Мы знаем, что Гея – древний мир. Некоторые считают даже, что Гея – самый древний мир в этом секторе Галактики, но в этом мы не уверены. Патриотизм заставляет нас твердить, что Сейшелл старее Геи, а страх шепчет: нет, Гея старше…

Большинство историков полагают – про себя, конечно, – что Гея была заселена независимо. Они думают, что она не была колонией, не входила в Союз и что Союз с Геей также не был колонизирован. Согласия по вопросу об истинном времени заселения Геи не достигнуто – никто не уверен в том, раньше или позже Сейшелла на ней появились люди.

Тревайз пожал плечами:

– Информации – ноль. Всякий может избрать для себя ту или иную альтернативу.

Квинтесетц утвердительно кивнул:

– Пожалуй. Мы сравнительно поздно узнали о существовании Геи.
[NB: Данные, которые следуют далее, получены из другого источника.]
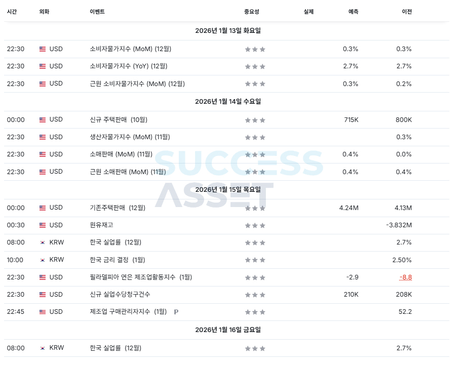 1월 2주차 주요지표발표일정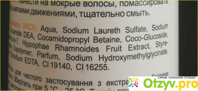 В составе шампуня есть комплекс активных веществ: облепиха, жирные кислоты, витамины А, С, Е, Р, К.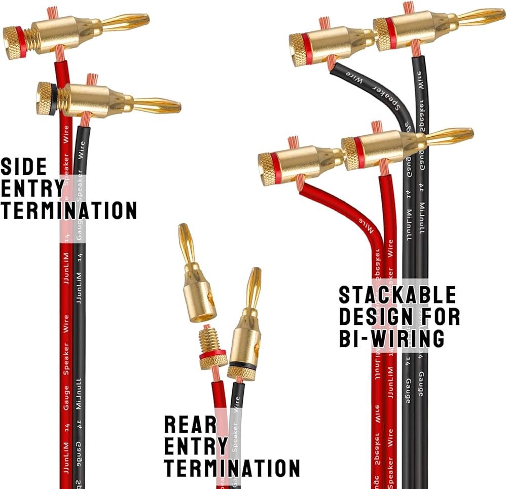 • (4) وهي متوافقة مع معظم أسلاك السماعات الموجودة هناك. ستتمكن من إعدادها بكابلات يتراوح حجمها بين 12 AWG و18 AWG. وهذا يعني أنك ستتمكن من توصيلها بمعظم مكبرات الصوت وأجهزة إخراج الصوت الموجودة هناك.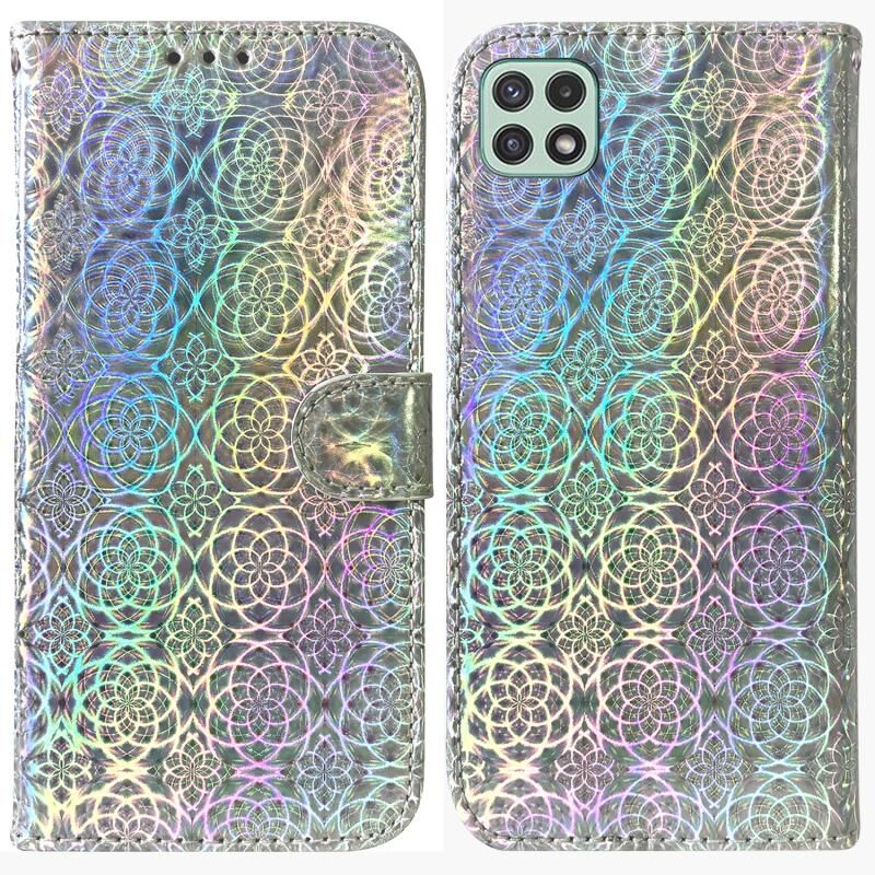 Για Samsung Galaxy A22 5G Πολύχρωμο μαγνητική πόρπη δερμάτινη θήκη τηλεφώνου (ασημί)
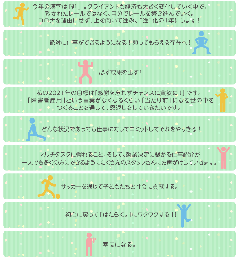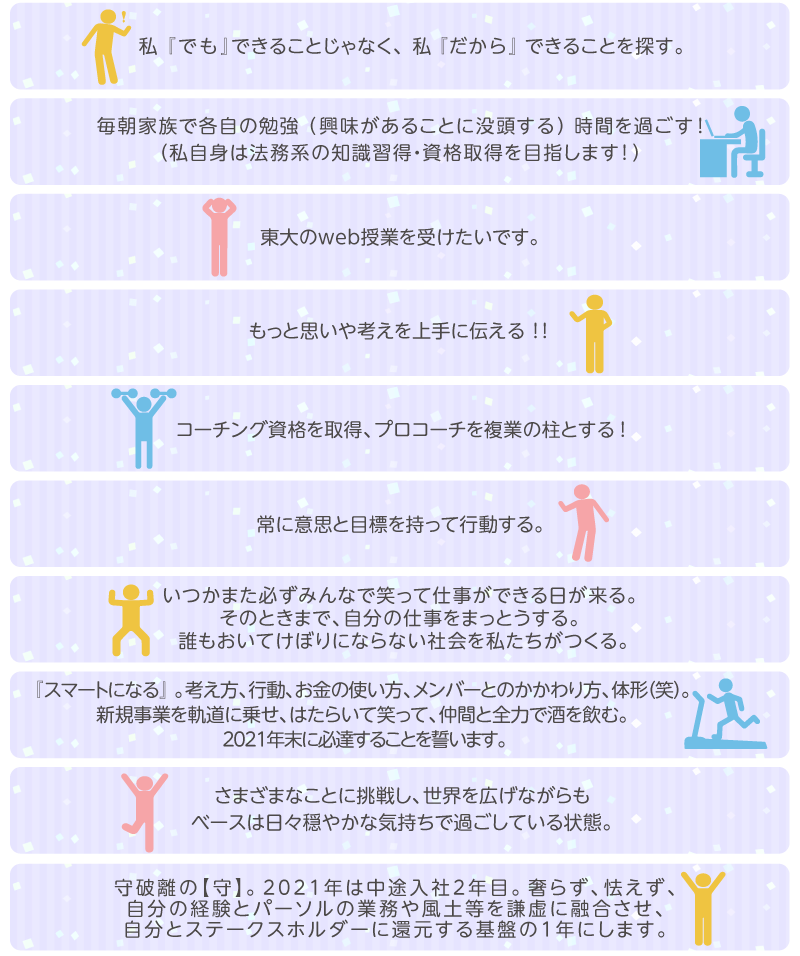 コロナ禍でも、前を向いて進もう!そんな願いが込められた目標が多数ありました。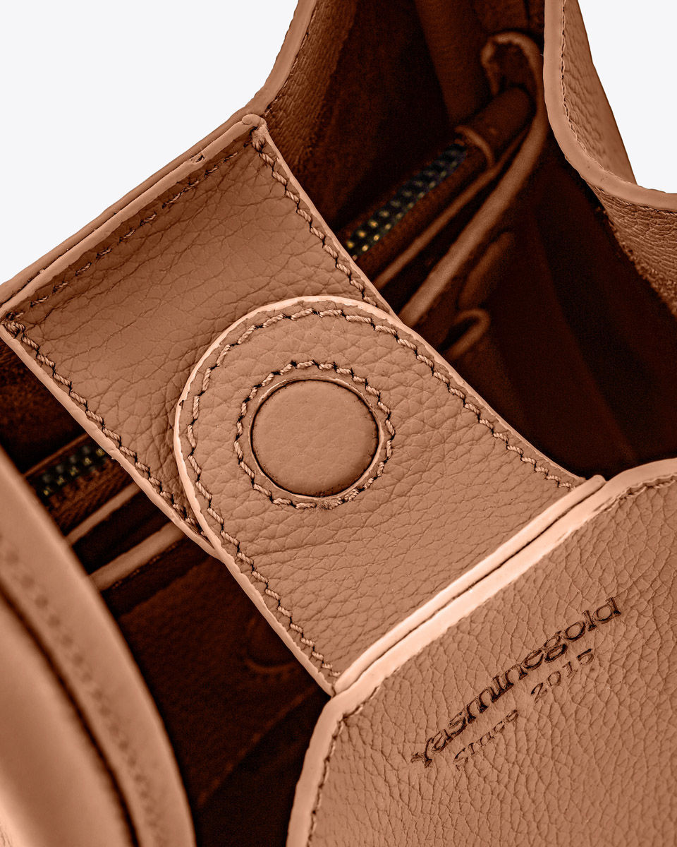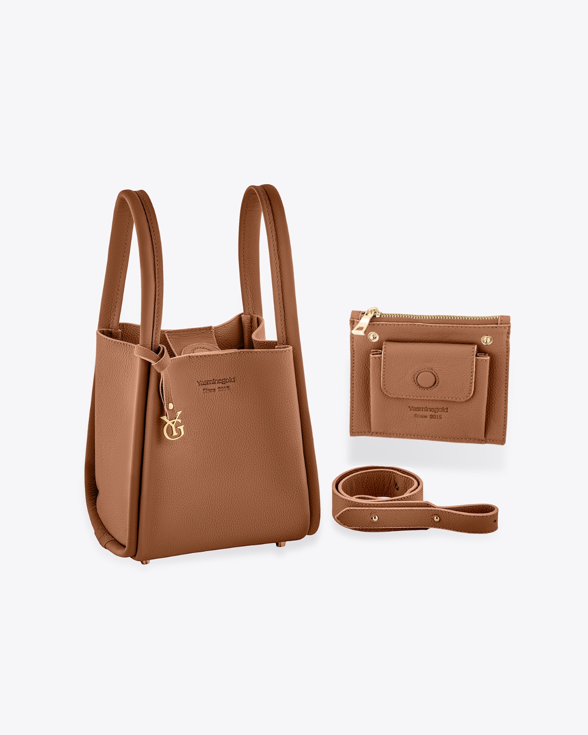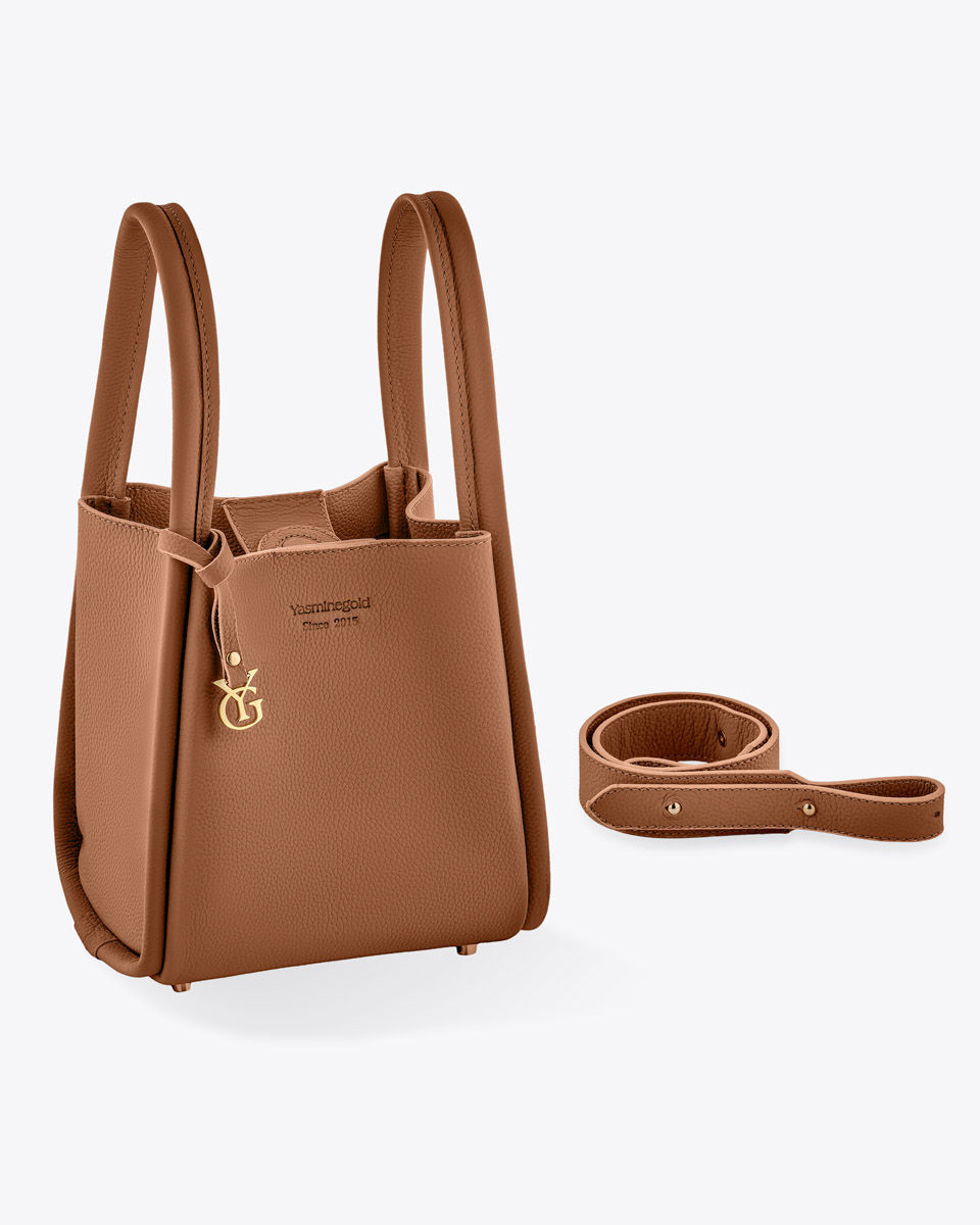 The Kai Collection bags from Yasmin Gold combine genuine leather with a YG logo in sterling silver, plated in 18k gold. Each bag is designed with a long strap and an internal wallet, allowing you to style it in versatile ways that suit your personal taste.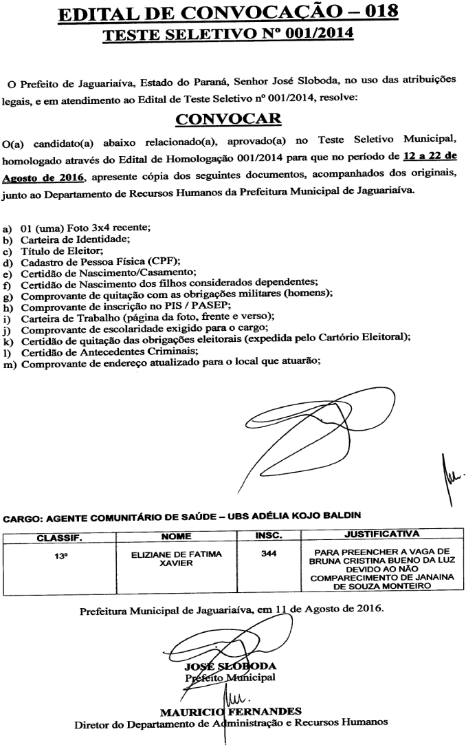 Edital de Convocação 018 – Teste Seletivo Nº 001/2014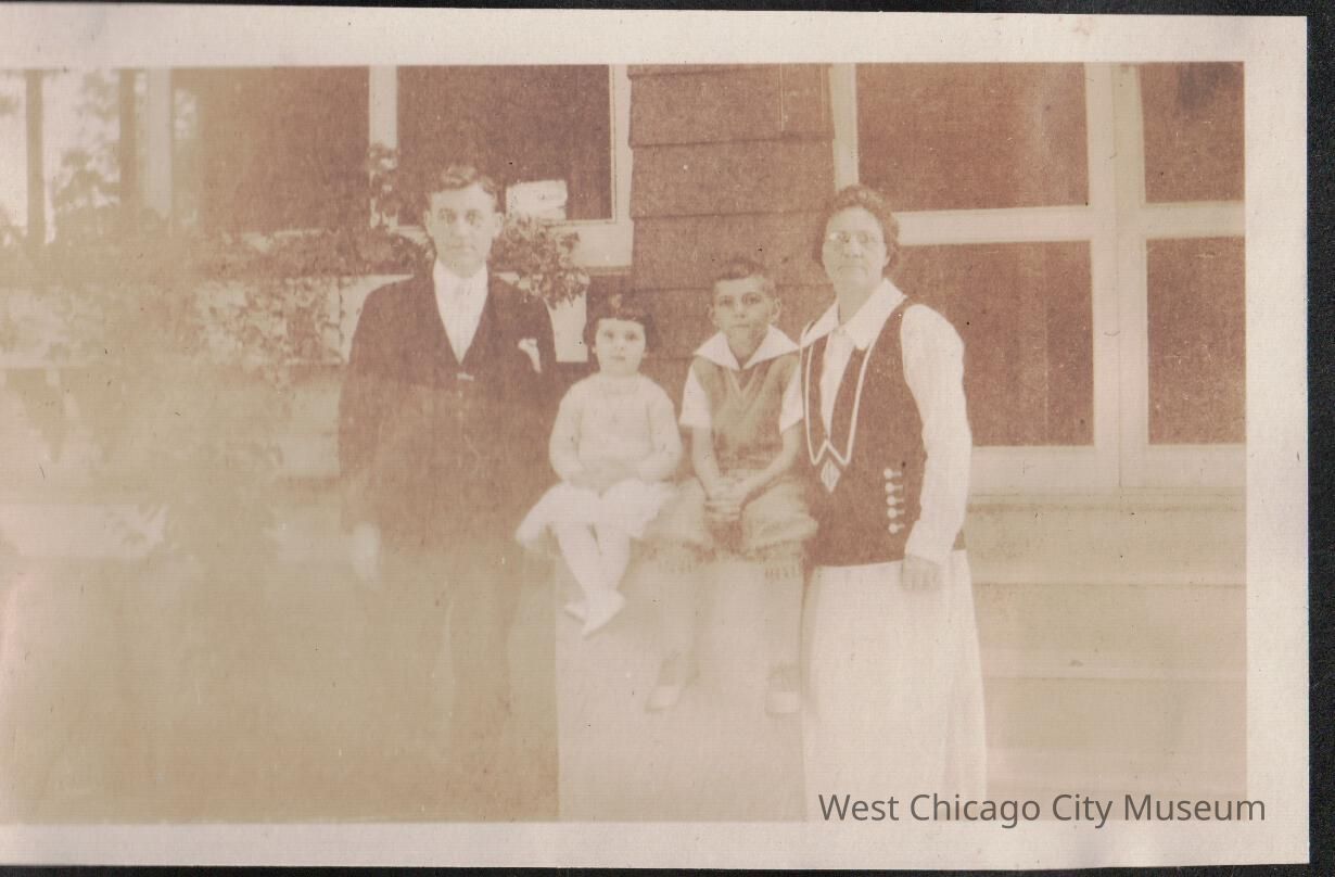 Man and woman standing on each side of a cement stair wall on a set of porch stairs, with a boy (roughly age 5, likely John Thogerson) and Arleen Alexander (2-3 years old) seated on the wall. The man is in a dark 3 piece suit, the woman is in white with a dark, drop waist style vest. Dated Sept 1924. The man is likely Arleen's father Kern, and the woman is possibly his sister, John's mother, Klea Alexander ThogersonPhotograph Details
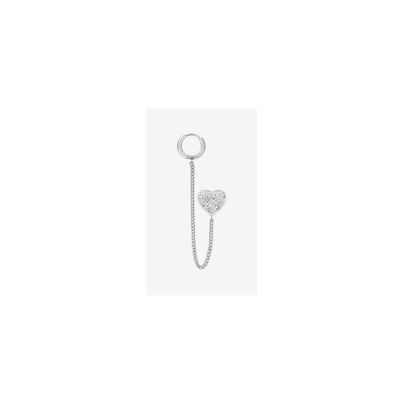 Mono orecchino donna in acciaio con cuore con cristalli bianchi. Lunghezza: 5 cm. Dimensione cuore: 12 mm. Diametro cerchio: 12 mm.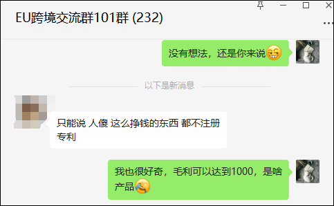 而EU交流群的群友也认为,一个毛利很高的产品,也不申请专利,不够机灵。

Вначале мы были заняты формированием Союза, потом – борьбой с Галактической Империей, потом – попытками избрать верную тактику поведения в качестве имперской провинции и ограничить власть вице-королей.

Только во времена ослабления власти Империи один из последних наших вице-королей обнаружил, что существует Гея и, по всей видимости, сохраняет независимость от Сейшельского Союза и от самой Империи. Каким-то образом Гея оставалась в тайне, в изоляции, и о ней тогда не было известно почти ничего – на самом деле, не больше, чем сейчас. Вице-король решил попробовать захватить ее. Подробности происшедшего нам неизвестны, но его экспедиция была разбита, и лишь немногие уцелевшие корабли вернулись обратно. Правду сказать, в те дни корабли были не такие уж хорошие, да и пилотирование оставляло желать лучшего…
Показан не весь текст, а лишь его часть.